Hi Roy, this tank is doing quite well actually even though it suffered from some neglect which resulted in an outbreak of diatoms, but it is now fine. I will post some pics sometime soon, I have three essays to type up for uni so I've been less active around the forums until yesterday. So for the mean time I shall explain the tank's condition.

The sag is on drugs and has taken over quite a bit, I have since given up on trying to remove the runners because the peat would make a mess, but the sag is not really aesthetically unpleasant so that is fine. The S. Repens has become leggy I put that down to me not cleaning the filter often enough so the flow has been quite poor. At some point the internal filter's suction cups were losing it's suction so it fell onto the bunch of java ferns, it has since remained in this position. This has not killed the Java ferns but instead it is still spreading. However, the growth of the java fern under the filter has been minimal so I assume if I left the filter up there will be an odd patch on the driftwood with little growth. The Rotala is still hanging in there surprisingly and it still looks odd because I had placed it in there just for the sake of it as I had no where else to put it back when I set the tank up. 

This tank right now is only lit up by natural daylight because algae was still forming with a 5 hour photo period, I place this down to a combination of the tank receiving a lot of indirect sunlight for a long period of time prior to lights on, perhaps making a fluctuation of CO2. Also, because my maintenance of the filter was poor therefore, making the flow lacking . 

A part from the above I'm actually really pleased with this tank, if I remove the filter all together it will be a maintenance free aquarium and a top up is only needed and the occasional water change.

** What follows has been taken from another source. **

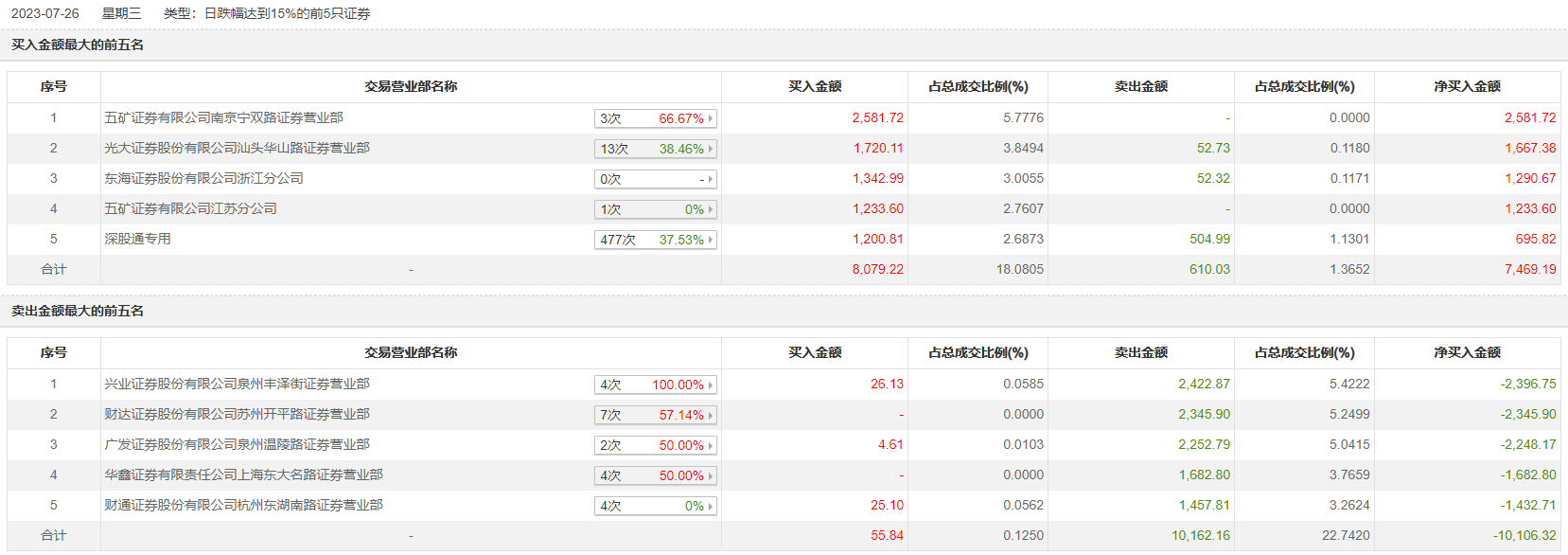 具体来看,兴业证券泉州丰泽街证券营业部、财达证券苏州开平路证券营业部分别卖出2422.87万元、2345.90万元;五矿证券有限公司南京宁双路证券营业部、光大证券汕头华山路证券营业部分别买入2581.72万元、1720.11万元。

I think I could remove the heater too but my Betta is in there so that is a no no, although I plan to place him in my 80L and convert this to a shrimp tank, or perhaps the 80L but we shall see. 

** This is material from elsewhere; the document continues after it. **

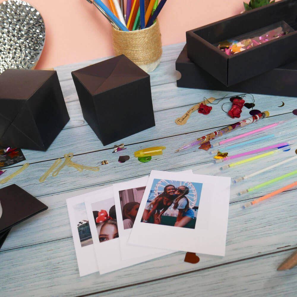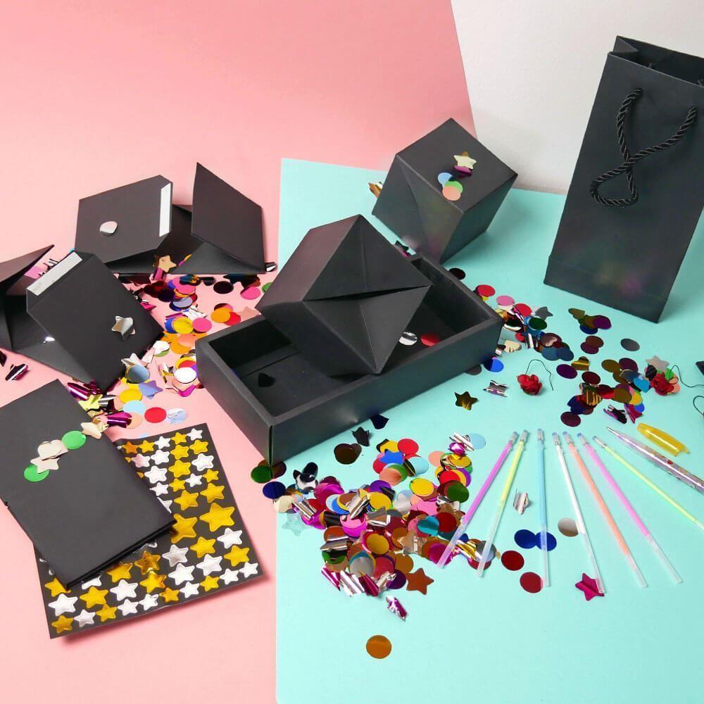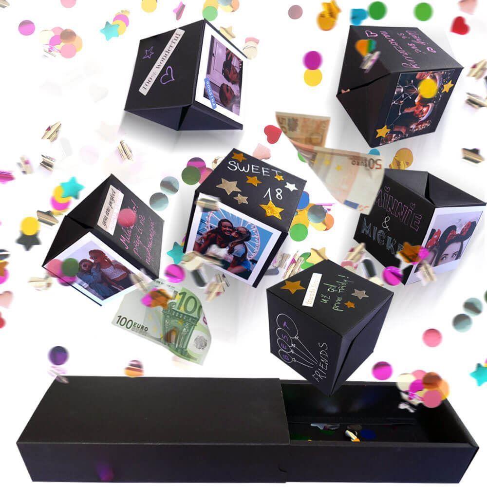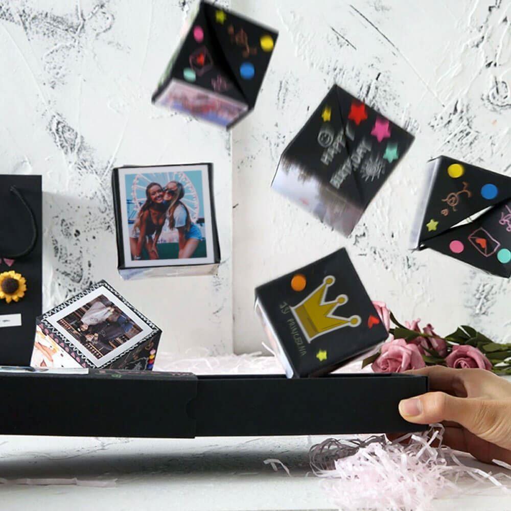 Hledáte způsob, jak udělat dárek opravdu nezapomenutelným? Tato originální explodující krabička promění obyčejný dárek v okamžik plný překvapení a radosti. Po otevření se z velké krabičky vysune několik menších krychlí, které můžete individuálně ozdobit – fotografie, vzkazy, samolepky nebo malované motivy udělají z každé krychle malý osobní poklad.

I must remind myself to take pictures though. But uni is stressing me out  so I came back on here to get some inspirations for my aquariums as tonic


----------



## Greenfinger2 (28 Oct 2014)

Hi Michael, Sounds like its been all work and no playtime  Good luck with your essays.And don't stress out. All will be fine when you have finished.
Glad your Tanks are doing well  Looking forward to seeing some update photos now


----------



## Michael W (28 Oct 2014)

Thanks Roy! I keep telling myself that once I get this year and the next over with I'll be done. Hopefully then I'll make some money and expand on this hobby and my art hobby.


----------



## Michael W (9 Nov 2014)

Guys, I would like to say sorry because today I have took this tank down without taking a full tank shot! 

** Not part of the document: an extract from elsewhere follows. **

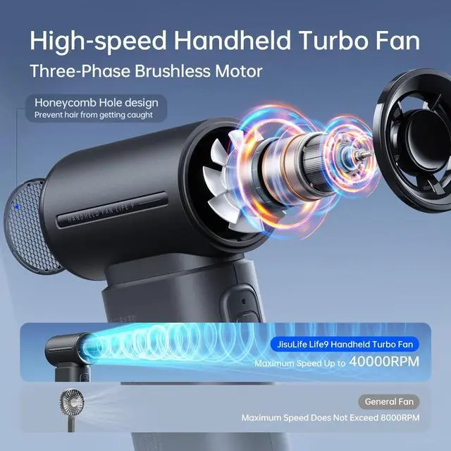 JISULIFE Portable High-Speed Turbo Fan: Ultimate Coolness & ConvenienceIntroducing the JISULIFE portable high-speed turbo fan, designed to keep you cool and comfortable wherever you go. Powered by a high-speed brushless DC motor and 9 turbine blades, this fan delivers concentrated airflow to efficiently dissipate heat, making it perfect for hot summer days.

However, once I remembered I did take pictures of the driftwood with plants and the insane amount of dwarf sag. So here they are:

First up the DW, notice that I started this driftwood with 3 java ferns and I have not added anymore. 
I love this plant! There are some Rotala Rotundifolia, not the best looking but I'll see what I can do. Man I can't express how much I appreciate the growth of the Java Fern!  





Next up the dwarf sag, when I pulled the plants up they were all linked by runners so the tank went cloudy instantly, it was mad.




Well, this shows that you can achieve great growths from plants in a low tech environment providing you choose suitable plants form the start. As a reminder, I used cat litter, peat and osmocote for the substrate. 

Thanks for looking at this thread, much appreciated!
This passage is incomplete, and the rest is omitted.